A systematic review of 22 trials (13 case series, 8 prospective, nonrandomized studies, and one randomized controlled trial; 12,407 patients) conducted in Europe, Asia, and the Americas evaluated the likelihood of pregnancy with repeated use of precoital and postcoital hormonal contraception.1 Some trials used more than one dose or medication. Many had inadequate reporting of research methods. Results were reported using the Pearl Index (PI)—the number of pregnancies per 100 woman-years.
In 11 studies (2700 patients), women took 750 mcg of levonorgestrel from 24 hours before to 24 hours after intercourse for an average duration of 5 cycles or months. Coital frequency varied from 1 to 15 times per month. The PI ranged from 0 to 18.6, with a pooled PI of 5.4 (95% confidence interval [CI], 4.1-7.0). Three of the trials (915 patients), with research methods reported as good, had a pooled PI of 8.9 (95% CI, 5.1-14.4). No serious adverse effects were reported in 10 of the 11 studies, but menstrual irregularity was commonly observed. In one of the largest studies (1315 patients), only 3% of women discontinued treatment because of adverse effects.
Six other trials (5785 patients) of levonorgestrel taken at doses ranging from 150 mcg to 1 mg for a mean duration of 9.2 cycles reported PIs of 0 to 9. Breakthrough bleeding was the most common adverse event. When all 17 studies of levonorgestrel were combined, the PI was 4.9 (95% CI, 4.3-5.5). The remaining studies in the systematic review described medicines not commonly used for emergency contraception or not available in the United States.

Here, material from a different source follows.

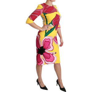 Dolce & Gabbana Yellow Floral Crystal Bodycon Sheath Dress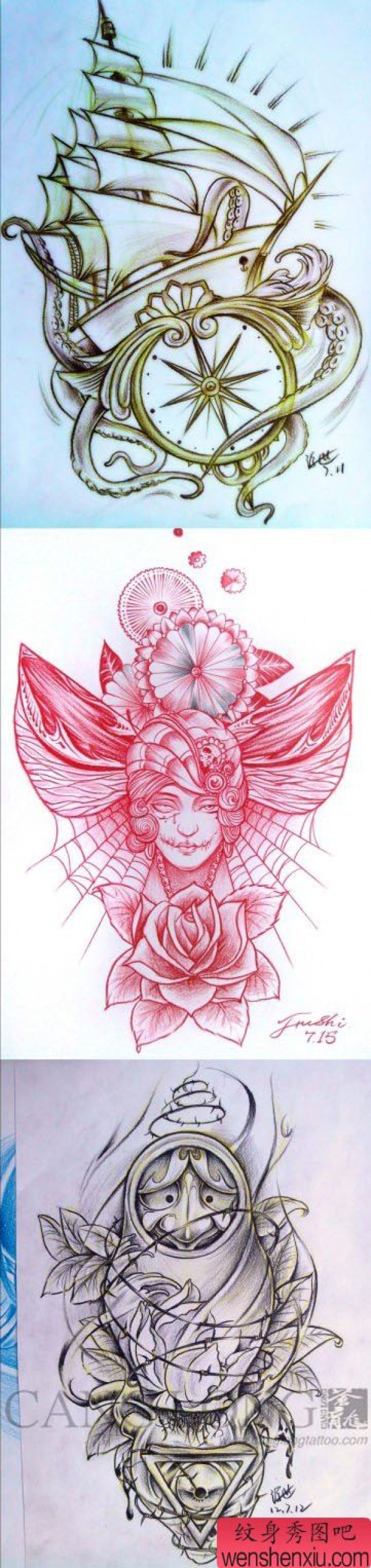 能面万媚纹身手稿_52张日式能剧面具纹身手稿图案素材欣赏

Other reported adverse effects: Headache, nausea, abdominal pain
A prospective, open-label study enrolled 321 women 18 to 45 years of age from Asia, Europe, and South America to evaluate the safety and efficacy of levonorgestrel 1.5 mg taken before or within 24 hours of intercourse as the exclusive means of contraception.2 Women who were lactating or recently postpartum were excluded; condoms were permitted for women who had concerns about risk of sexually transmitted illness. Data analysis included estimates of perfect use (consistent and correct use of levonorgestrel only) and typical use (use of other contraceptive methods in addition to levonorgestrel).
At baseline, weight, blood pressure, and hemoglobin were documented, and follow-up visits occurred at 2.5, 4.5, and 6.5 months. Pregnancy tests, blood pressure, and adverse effects were assessed at each visit; weight and hemoglobin were evaluated at the final visit. The primary outcome measure was the PI in women younger than 35 years who used only levonorgestrel for contraception.
In women younger than 35 years (208 patients), the PI was 11 (95% CI, 5.7-13.1) with perfect use and 10.3 (95% CI, 5.4-19.9) with typical use. In all ages 18 to 45 years, the PI was 7.1 (95% CI, 3.8-13.1) for typical use and 7.5 (95% CI, 4-13.9) for perfect use. Most women took 4 to 6 doses per month.
The most commonly reported adverse effects were headache (29%), nausea or abdominal pain (16%), influenza (11%), and acne or candidiasis (8%). Bleeding patterns varied with a tendency toward longer bleeding initially and lighter menstrual periods and less anemia in some patients at the end of the study.